Giant Floating Wind Turbines Over the Horizon
Huge turbines mounted on floating platforms could make wind power competitive with fossil-fuel-generated electricity. These advanced wind turbines, which are in development, could be situated far from the shore, too, avoiding battles with onshore residents who object to the presence of large wind farms.
GE has announced a $27 million partnership with the U.S. Department of Energy to develop 5-7 megawatt turbines by 2009, each of which could power well over 1,000 homes. Supplanting the company's current 3.6 megawatt turbines, these giant energy factories should make wind power more economical, since the major cost of building and installing offshore wind farms does not depend primarily on a turbine's size, but on the number of them that need to be erected. By 2015, GE could have even bigger, 10-megawatt turbines, according to Jim Lyons, leader of advanced technology for GE's wind energy business.

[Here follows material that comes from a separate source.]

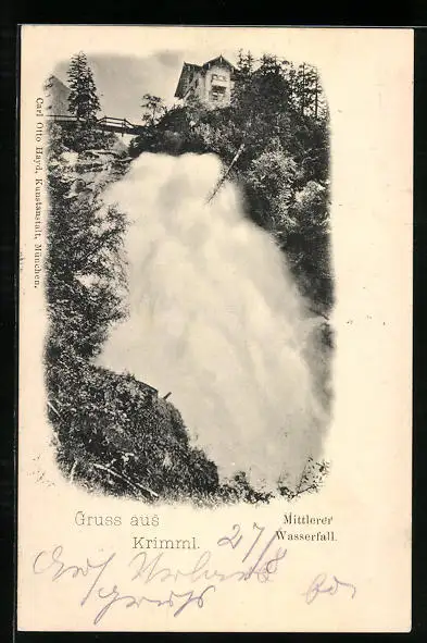 AK Krimml, Mittlerer Wasserfall mit Gasthaus

Making the turbines larger, however, comes with technical challenges. The new turbines will be mounted to towers rising 90 to 95 meters and will have rotors measuring 140 meters in diameter. Imagine a structure larger than a football field rotating at a leisurely ten to twelve revolutions per minute. To decrease the weight of the massive rotor blades and tower, GE plans to use composite fibers, as well as alternatives to the weighty gearboxes now used to transfer energy from the rotor to the electrical generator.